The stratigraphy and lithology of the samples used for this study (Wessex Formation). QEMSCAN®: Quantitative Evaluation of Minerals by Scanning Electron Microscopy; SEM: Scanning Electron Microscopy; EDS: Energy Dispersive Spectrometry

Fig. 4
figure 4

Composite logs showing lithologies and key sedimentary characteristics of the studied sections

3.2 Laboratory analyses

A total number of seventy-four (74) representative surface samples which were collected from the field locations were all subjected to Quantitative Evaluation of Minerals by Scanning Electron Microscopy (QEMSCAN®) analysis. QEMSCAN® technique was used to determine the bulk mineralogy of the sandstones using a QUANTA 650F machine based on the technique previously described (Akinlotan & Rogers, 2021; Akinlotan et al., 2021b; Knappett et al., 2011; Zhang et al., 2015). For QEMSCAN® technique, samples were either prepared into thin section or made into polished resin blocks using a maximum sample surface area of 7.29cm2 and 5.4cm2, respectively.

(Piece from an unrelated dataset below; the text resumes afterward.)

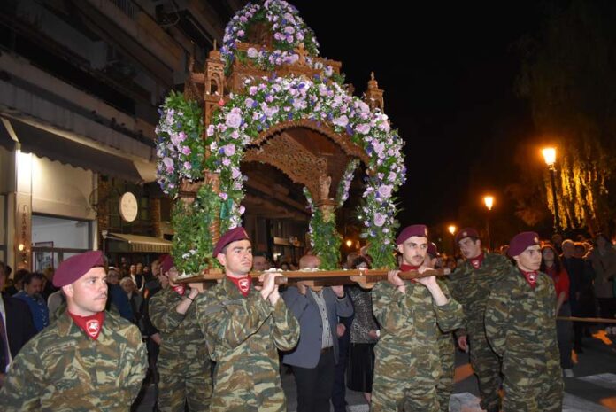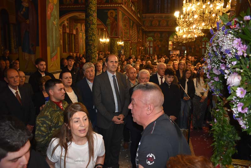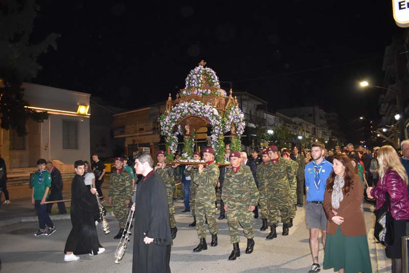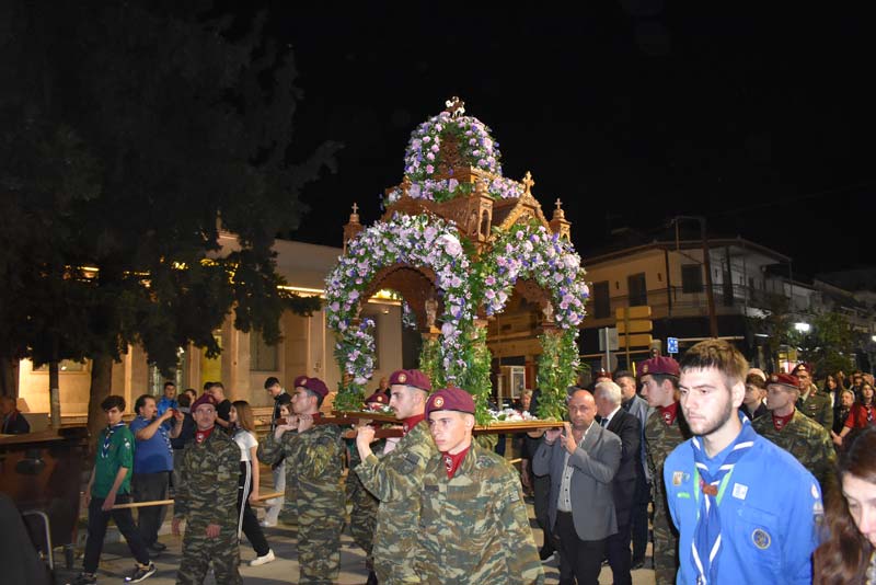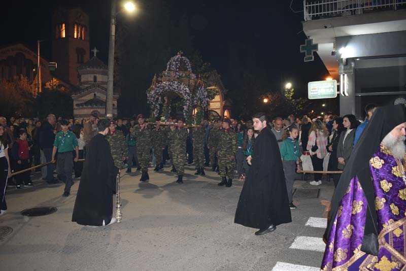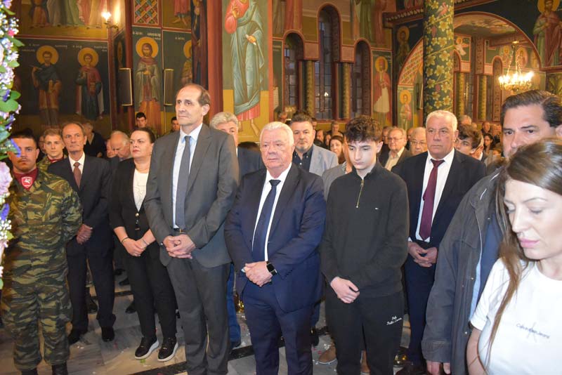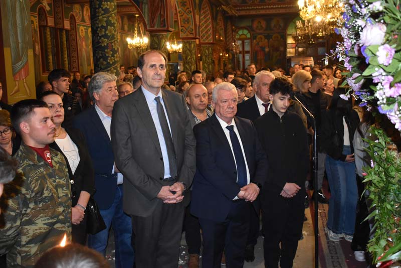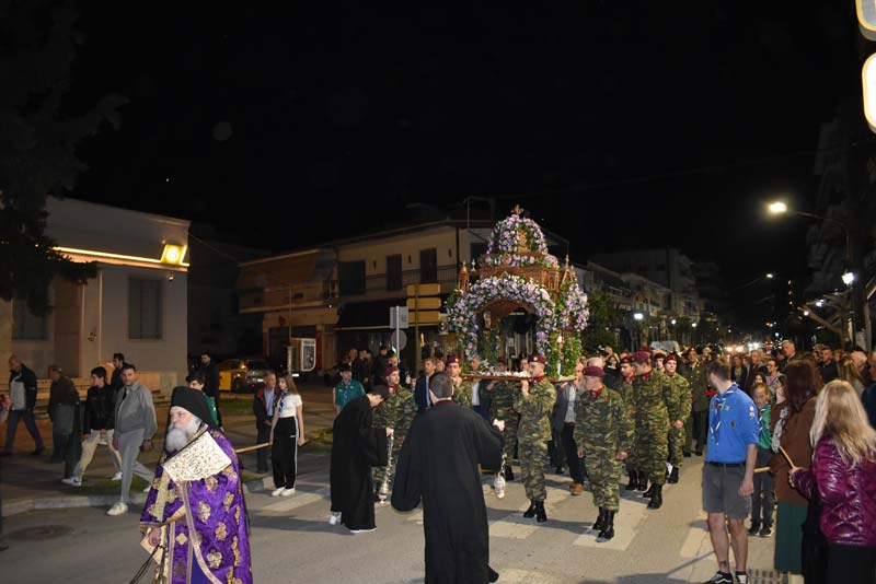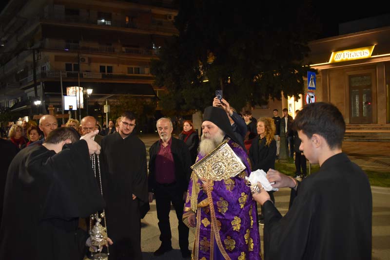 Εκπρόσωποι της πολιτικής ηγεσίας, τοπικής αυτοδιοίκησης, καθώς και αντιπροσωπείες Στρατού, Αστυνομίας και Πυροσβεστικής έδωσαν το παρόν, ενώ η μπάντα του δήμου προπορευόμενη παιάνιζε πένθιμα εμβατήρια της Μ. Παρασκευής, κατά την περιφορά του Επιταφίου στους δρόμους της πόλης.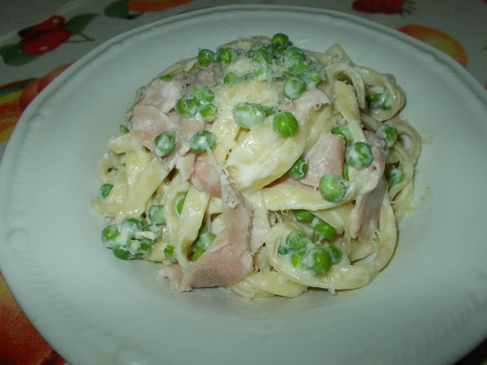 - 400 gr. di Tagliatelle, 150 gr. di Piselli Surgelati, 120 gr. di Prosciutto Cotto, 2 Cucchiai d’Olio, 100 ml di Panna, Sale, Parmigiano Grattugiato.

Out of the seventy-four field samples, ten (10) representative samples (4 sandstones, 3 ironstones and 3 mudstones) that can show petrographic features were selected for optical petrographic analyses (Fig. 3). Petrographic studies involved mineral identification, point counting of framework grains and accessory minerals, as well as matrix and cement estimation, which allowed for sandstone classification. The classification scheme of Pettijohn et al. (1987) was used. The optical microscopy techniques used in the study such as mineral identification, grain size, grain counting, sorting, etc. were based on previously described techniques (e.g. Akinlotan et al., 2021a; Akinlotan, 2017b; Jenchen, 2018; Mohammedyasin & Wudie, 2019). A Zeiss AX10 transmitted light microscope was used to acquire petrographic images which were used to support petrographic descriptions.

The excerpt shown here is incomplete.